_WORK ORDER:_ The lines from the one holding "再来看,今年的骁龙8 Elite Gen5的GPU能效曲线,正好处在天玑9500和A19" through the end of the records below are to be written out exactly, and nothing else; pictures are to be left out.

_MATERIALS PROVIDED:_
• • • • •

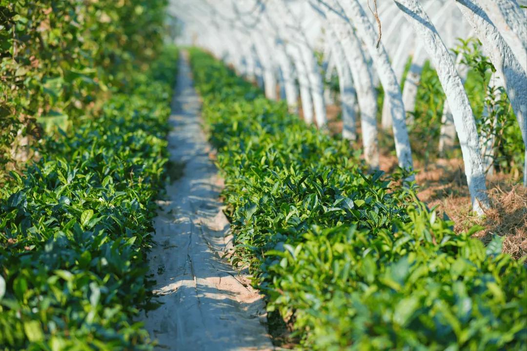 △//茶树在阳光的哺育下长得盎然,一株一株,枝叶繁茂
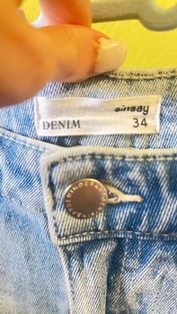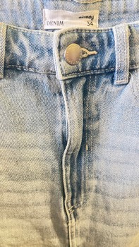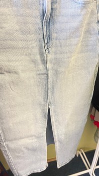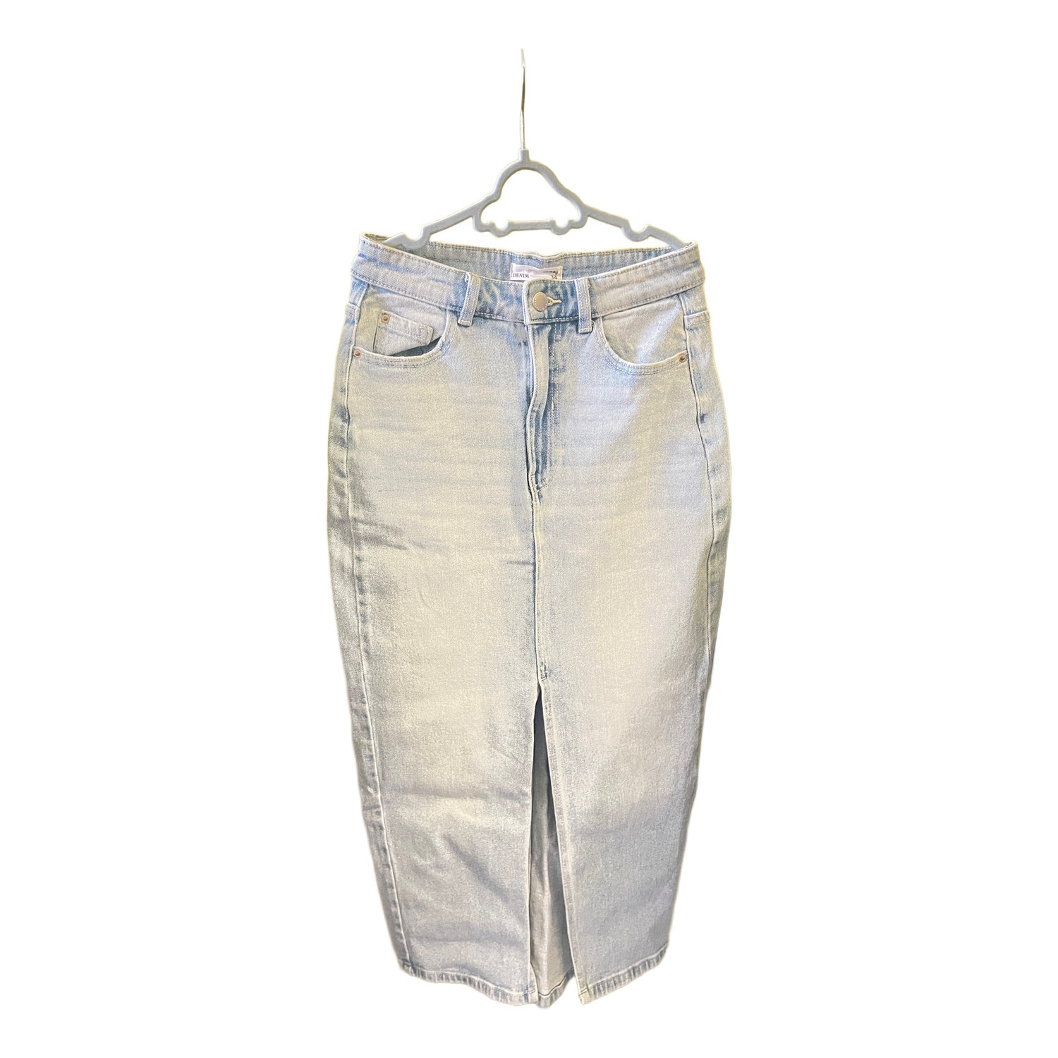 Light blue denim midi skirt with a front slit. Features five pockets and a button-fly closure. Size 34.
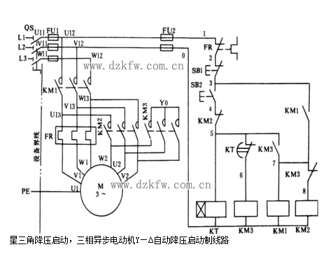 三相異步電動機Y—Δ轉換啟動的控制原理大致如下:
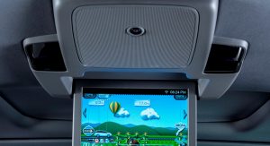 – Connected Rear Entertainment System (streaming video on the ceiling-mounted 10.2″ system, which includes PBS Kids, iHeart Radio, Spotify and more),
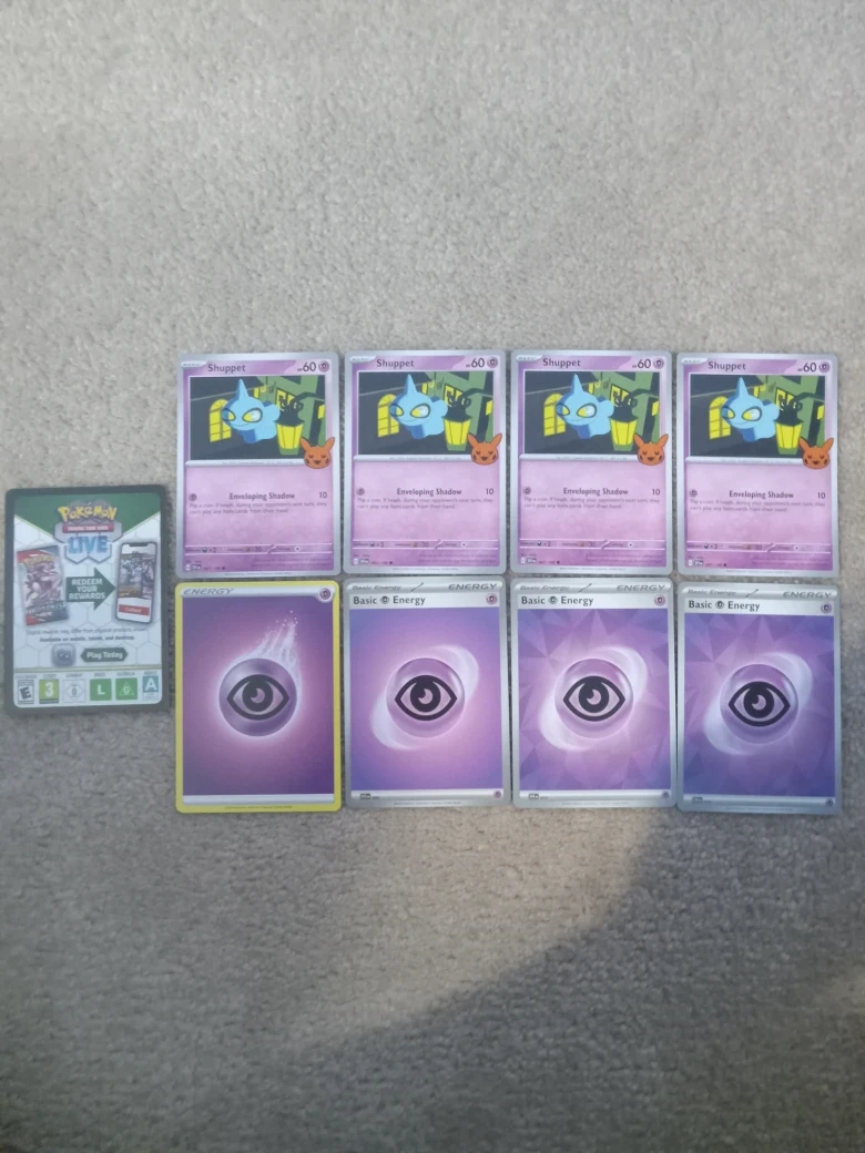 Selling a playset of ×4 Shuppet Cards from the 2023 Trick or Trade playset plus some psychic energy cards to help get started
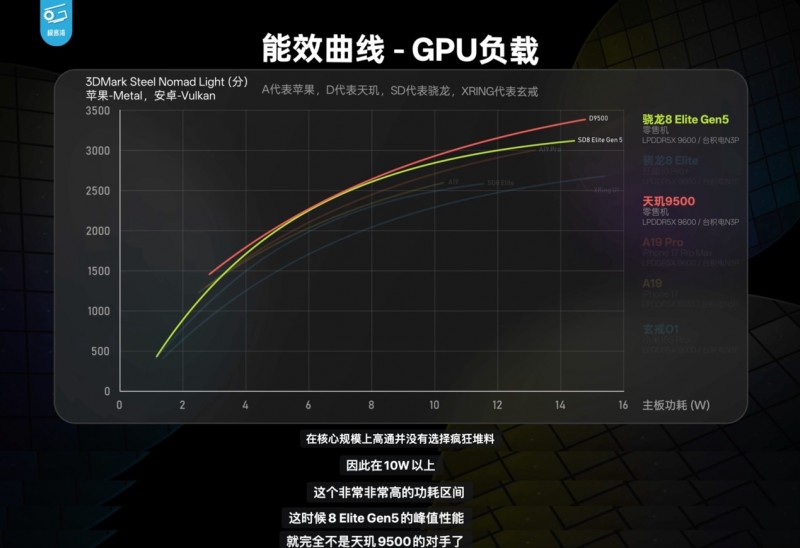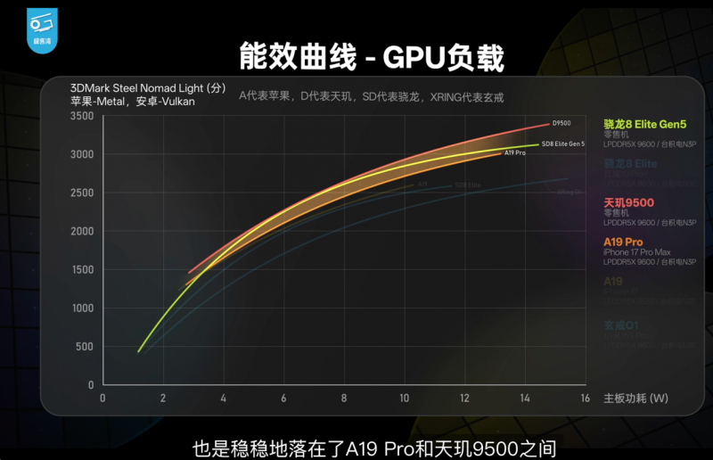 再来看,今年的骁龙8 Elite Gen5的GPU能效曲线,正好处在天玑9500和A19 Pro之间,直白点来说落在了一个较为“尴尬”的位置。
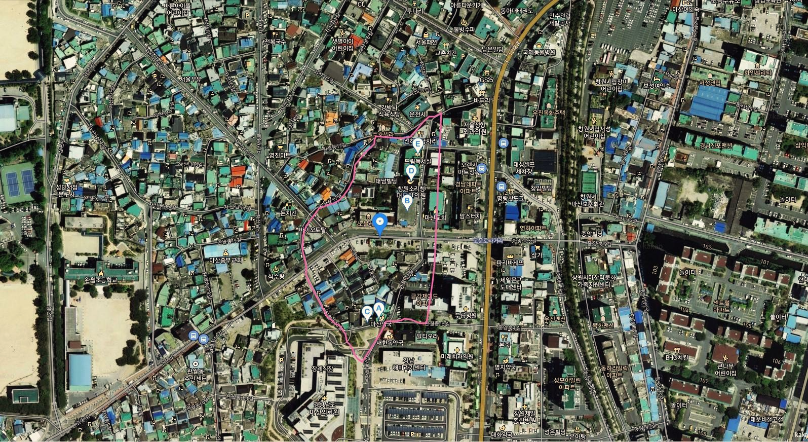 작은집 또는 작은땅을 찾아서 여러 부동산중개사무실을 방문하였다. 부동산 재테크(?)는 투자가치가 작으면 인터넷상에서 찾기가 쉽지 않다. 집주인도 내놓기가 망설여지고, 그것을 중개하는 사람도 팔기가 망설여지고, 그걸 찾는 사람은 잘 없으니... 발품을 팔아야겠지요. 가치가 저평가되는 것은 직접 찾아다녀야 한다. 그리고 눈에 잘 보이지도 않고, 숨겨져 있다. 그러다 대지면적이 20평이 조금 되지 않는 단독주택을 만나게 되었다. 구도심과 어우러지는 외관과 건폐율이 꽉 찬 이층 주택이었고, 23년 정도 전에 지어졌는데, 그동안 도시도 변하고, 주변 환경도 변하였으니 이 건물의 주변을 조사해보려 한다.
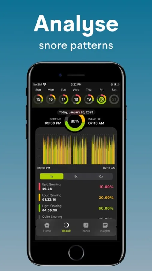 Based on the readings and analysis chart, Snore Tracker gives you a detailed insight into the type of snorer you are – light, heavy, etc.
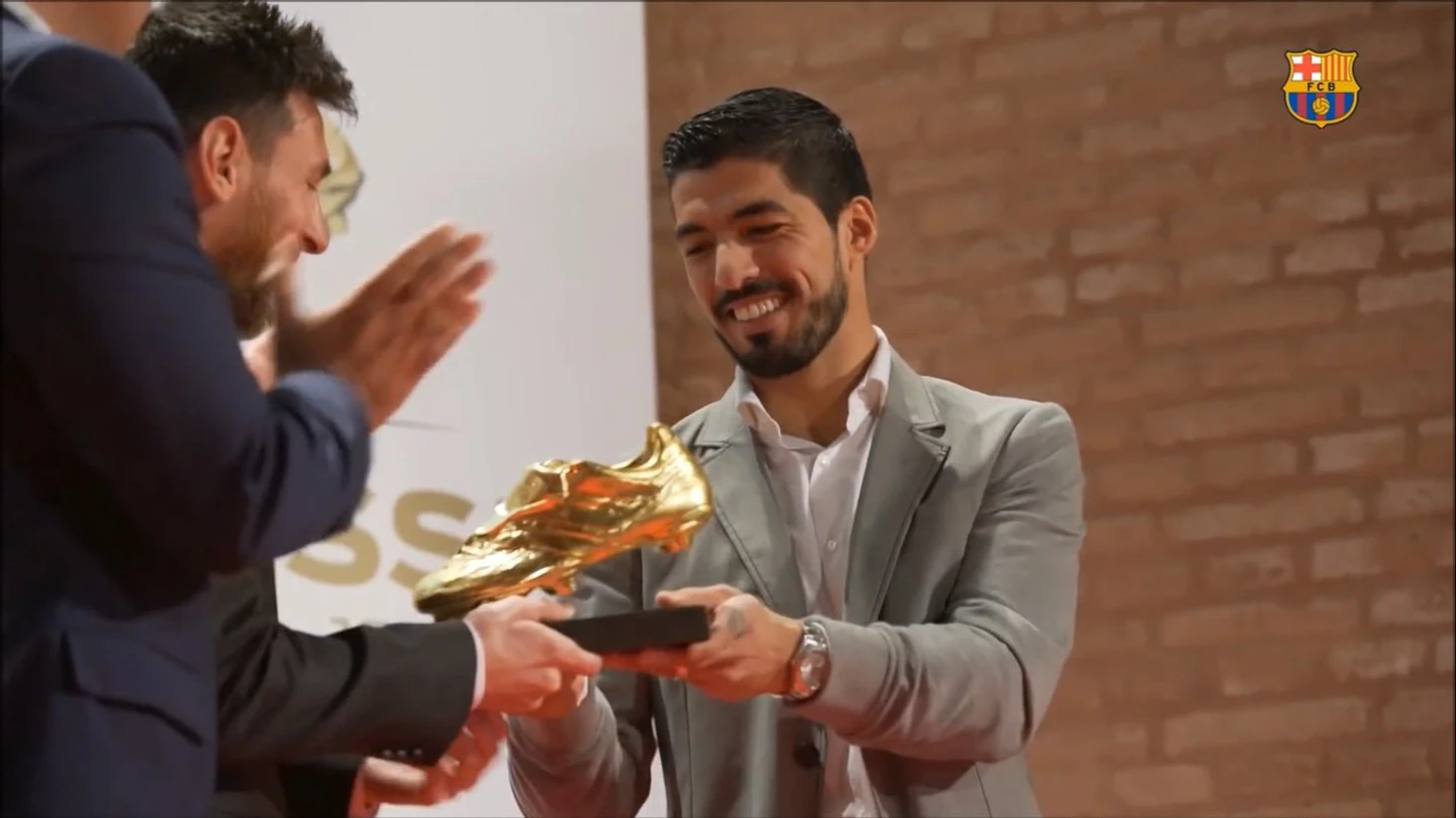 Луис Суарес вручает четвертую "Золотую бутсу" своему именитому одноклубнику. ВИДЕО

• • • • •

_RESPONSE TO THIS EXERCISE:_
 再来看,今年的骁龙8 Elite Gen5的GPU能效曲线,正好处在天玑9500和A19 Pro之间,直白点来说落在了一个较为“尴尬”的位置。
 작은집 또는 작은땅을 찾아서 여러 부동산중개사무실을 방문하였다. 부동산 재테크(?)는 투자가치가 작으면 인터넷상에서 찾기가 쉽지 않다. 집주인도 내놓기가 망설여지고, 그것을 중개하는 사람도 팔기가 망설여지고, 그걸 찾는 사람은 잘 없으니... 발품을 팔아야겠지요. 가치가 저평가되는 것은 직접 찾아다녀야 한다. 그리고 눈에 잘 보이지도 않고, 숨겨져 있다. 그러다 대지면적이 20평이 조금 되지 않는 단독주택을 만나게 되었다. 구도심과 어우러지는 외관과 건폐율이 꽉 찬 이층 주택이었고, 23년 정도 전에 지어졌는데, 그동안 도시도 변하고, 주변 환경도 변하였으니 이 건물의 주변을 조사해보려 한다.
 Based on the readings and analysis chart, Snore Tracker gives you a detailed insight into the type of snorer you are – light, heavy, etc.
 Луис Суарес вручает четвертую "Золотую бутсу" своему именитому одноклубнику. ВИДЕО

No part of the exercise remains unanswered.